You must be disciplined. If you float from method to method, and constantly try to “tweak your method” to make it absolutely ‘perfect‘, your account is going to die the death of 1,000 cuts (losses). When it’s time to put on the trade, it’s time to put on the trade. When it’s time to step back for a while, step back and make no apologies for it. I say …. be the lion. The lion is not Neils Bohr. He’s not a genius. He’s a lion. When it’s time to hunt, it’s time to hunt. No if’s and’s, or but’s. Yet Lions have been reported to sleep up to 18 hours a day. But are they lazy animals? No.
They are exceedingly economical when it comes to the decision of either expending their calories to hunt or resting up. You’ll never see a lion on the savannah, apologizing for taking a nap. But when it’s time to hunt, they’ll kill without a seconds hesitation. In a word, they are efficient.
And this leads to my last point of ‘trading blasphemy’. Truth be told, I am a guy that is all about lower-effort investing methods.
Yes, there are entire methods and approaches that are not very … intensive in their implementation. In other words, you don’t have to ‘fiddle’ with them every two days, or even two minutes. You do not need to stay ‘glued’ to the charts. And this does not mean that for a lack of intensive day-trading focus, you suffer less in the way of returns. In fact, I make one whole section of my portfolio about a passively managed ‘core’ of assets, that I may not need to touch but once in a year. One of those lower-effort pieces this year has produced over 12% in terms returns, with very little drawdown and I’ve only had to touch it once. So no … lower-effort does not mean lower-return. Lower-effort methodologies can do well all on their own. I have lower-effort methods that I use that have literally worked for the last 80 years. No, I’m not kidding. They’ve been used in the industry for at least that long. And yes, I can stack on active ‘trades’ around that passive core for even grater gains. As a matter of fact, as I write this, I have a short term short on YHOO. I like active trading as well.
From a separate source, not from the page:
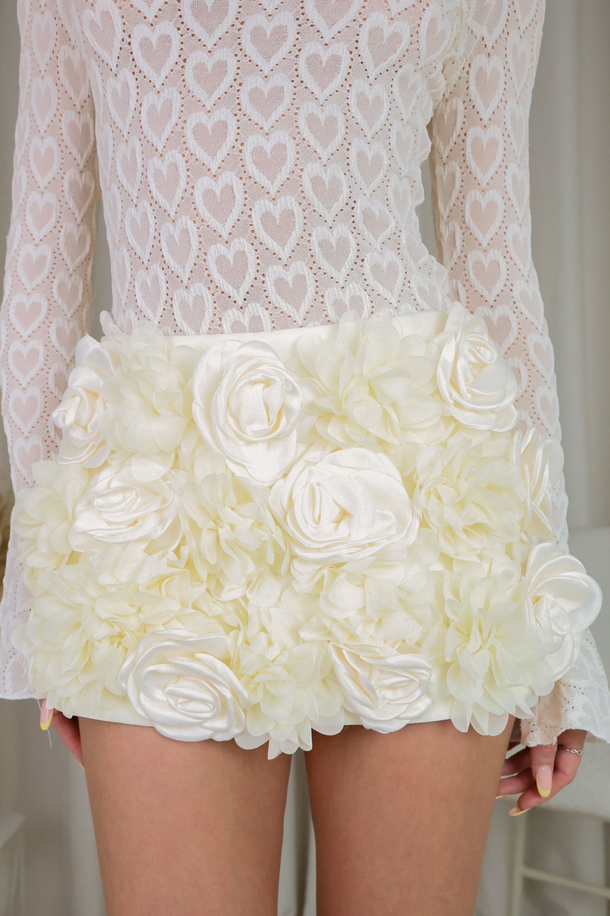 This is a stylish pink floral mini skort with a statement 3D rosette design. The skort is adorned with textured fabric flowers, giving it a bold, feminine, and ultra-glamorous look. It offers a flattering silhouette, and features a concealed zip closure for a seamless fit. The combination of structured shorts with a skirt overlay provides both elegance and comfort.

But going back to those lower-effort strategies, if you stop and think about it this has incredible advantages. If you need to, you can stop all active trading, leave your passive core of assets on the table, making gains, and take a vacation. It means less stress. Such lower-effort (notice I did not say low effort or no effort) investing frees up your time, so you are not left obsessing over every tick of the market, which only helps your discipline. If a prolonged emergency arises in your life, you can take care of it and at the same time not worry that your portfolio is being overly neglected.
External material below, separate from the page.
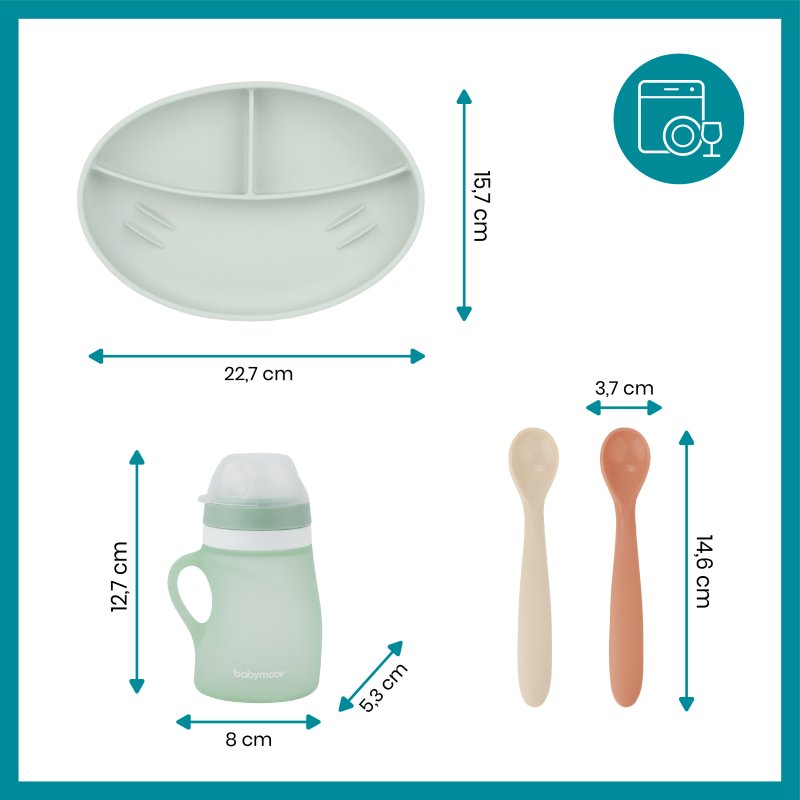 Detská jedálenská súprava GROW’ISY KIT je ideálna pre deti vo veku od 24 do 36 mesiacov. Je navrhnutá na samostatné jedenie a objavovanie chutí. Obsahuje tanier s prísavkou, 2 lyžičky a fľaštičku – všetko vyrobené z mäkkého, potravinárskeho silikónu.

So there they are. My blasphemies. Do not allow one’s to put you off from this career with a lot of jargon, if you are interested in learning how to trade and invest. Do not think you must have the mind of Einstein to be a trader. You don’t. It requires some qualities that I think anyone does well to obtain, and make you a better person overall.
As I said earlier, if you can think on your feet you’ll probably do well. This is probably why people who have successfully run their own businesses before investing and trading, and military men and women who were in special operations do well as investors and traders. Such people know how to think on their feet. How to adapt. How to control their risk. And that if there is an easier, low-effort way of doing things? That’s the way things should be done, rather than a long convuluted process in order to impress someone else.
I’m telling you, you’ll hear me preach it’s virtues quite often around these parts.